For first time marathon runners, there’s a moment when every athlete knows whether or not they will be able to complete the full 26.2 mile course. For Rebecca Adey-Merrithew, the “moment” came at mile 16 during a training run for the 2015 Chicago Marathon. She finished Chicago strong and checked a box on her life’s bucket list, then immediately set her sights on the 2016 Boston Marathon. Fittingly, she finished Boston Strong, but with a little help from her last experience. “The water bottle that I carried not only had water in it, it also had my Chicago medal in case I got to a point where I thought I couldn’t do it,” explains Rebecca. “I figured the medal would remind me that I had before and I could again. I didn’t need it, but I had it anyway.”
Rebecca’s life-long dream was achieved by overcoming a decades-long battle with weight. It takes a certain dedication and discipline to tackle a marathon: smart choices, change and sacrifice. Rebecca admittedly had good reason to be skeptical about reaching her goal. A year before she started her training, she weighed 317 pounds. The idea of running a marathon was not realistic. Rebecca was active; in fact, she has hiked all of the 48 highest mountain peaks in New Hampshire. “I told myself I was healthy even though I was fat. But truth is I was killing myself,” she recalls. She was finally motivated to make some changes when she saw a photo of herself and did not like what she saw.
She turned her life around
“The solution was sitting right next to me, in my wife, Heather.” In January of 2014, Heather Adey-Merrithew underwent laparoscopic sleeve gastrectomy, a surgery that both dramatically shrinks the size of the stomach, restricting food intake, and alters numerous gut hormones for digestion. Heather lost 100 pounds and opened Rebecca’s eyes to the possibilities. Seven months later, Rebecca had the same procedure. The procedure, along with a drive to change, has given her a new lease on life. “I can take our two kids and the nieces and nephews outside and run around with them. I couldn’t do that a few years ago,” adds Rebecca.

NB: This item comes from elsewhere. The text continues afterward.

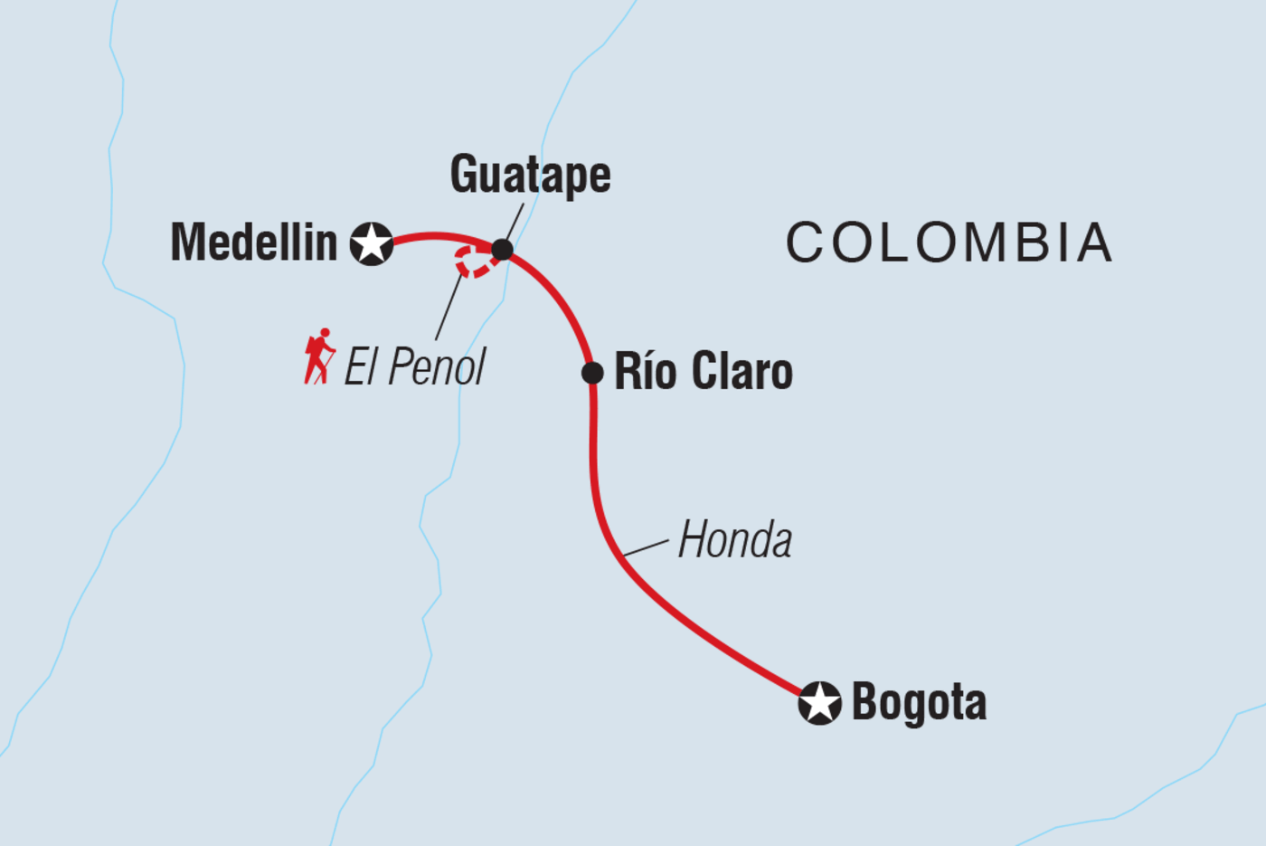 Dieses siebentägige Abenteuer von Bogota nach Medellin ist perfekt für alle, die die Naturschönheiten Kolumbiens kennenlernen möchten. Es gibt geplante Aktivitäten und viel Zeit, um in deinem eigenen Tempo zu wandern. Wandere auf einem ökologischen Pfad, schwimme in den Flüssen von El Marmol und erklimme die Zickzack-Treppe von El Penol für einen 360-Grad-Blick über Guatape. Besuche die Hauptstadt der bergigen kolumbianischen Provinz Antioquia, Medellin, und spiele Tejo mit den Einheimischen bei einem oder zwei lokalen Bieren. In deiner Freizeit kannst du vielleicht die Stromschnellen des Rio Claro hinunterrasen oder mit deiner Gruppe neuer Freunde die Straßenkunst in der Comuna 13 (San Javier) erkunden!

Dr. Andrew Wu, a bariatric and general surgeon specialist at CMC’s Obesity Treatment Center, an MBSAQIP Accredited Comprehensive Center, performed the laparoscopic sleeve gastrectomy on both women, and has remained in touch. “I think Rebecca is a model patient,” says Dr. Wu. “She sees the operation not as, ‘Oh let me go get an operation’, but rather as a tool she can use in addition to her drive to eat right, live a healthy life with exercise and make this the ultimate combination for success.”
Before CMC doctors will perform this surgery, patients must first commit to a lifestyle change. That process includes losing at least eight percent of their body weight themselves, attending a six-week lifestyle change class and going through a psychological evaluation. “If you can lose the weight on your own, and learn the tools to help you eat right and exercise, that’s my number one goal,” explains Dr. Wu. “In the right cases, and with patients dedicated to making permanent changes in their life, surgical treatment is beneficial.”
She went full speed
Dr. Wu points to Rebecca’s changes as proof. “She went full speed,” says Dr. Wu. “She has the internal drive to eat right, exercise and keep making good decisions.” Rebecca’s diet is now 1200-1400 calories a day. The entire family has adjusted. “We got rid of our dinner plates, and now we eat off of salad plates,” says Rebecca. “Every week, I develop a meal plan and we prepare meals each Sunday. Everything is labeled and portioned. It’s easy for us because it is already prepped.” The kids are making better choices,
there’s mostly healthy food in the house, and both women say that is the key to long-term success. “I want to play on the ground with my grandchildren,” says Rebecca. “If I hadn’t made this commitment, that wouldn’t happen.”
For those struggling with obesity, Rebecca offers this advice: “If you don’t make the change, think about what is ahead of you and consider whether the known is more dangerous and scary than the unknown, because it should be.” Rebecca says the counseling and support she received from family and from the medical staff at CMC has made the difference. “The CMC approach is ‘Let me help you get well’ and that really appealed to me,” says Rebecca. “They were interested in my health, not my money.”
Every day, she’s reminded that life is a marathon, which is appropriate given Rebecca’s last couple of years. She also has learned nothing great is achieved alone. Her family cheered her on along the Boston Marathon route, images she will always carry with her towards every new finish line she faces.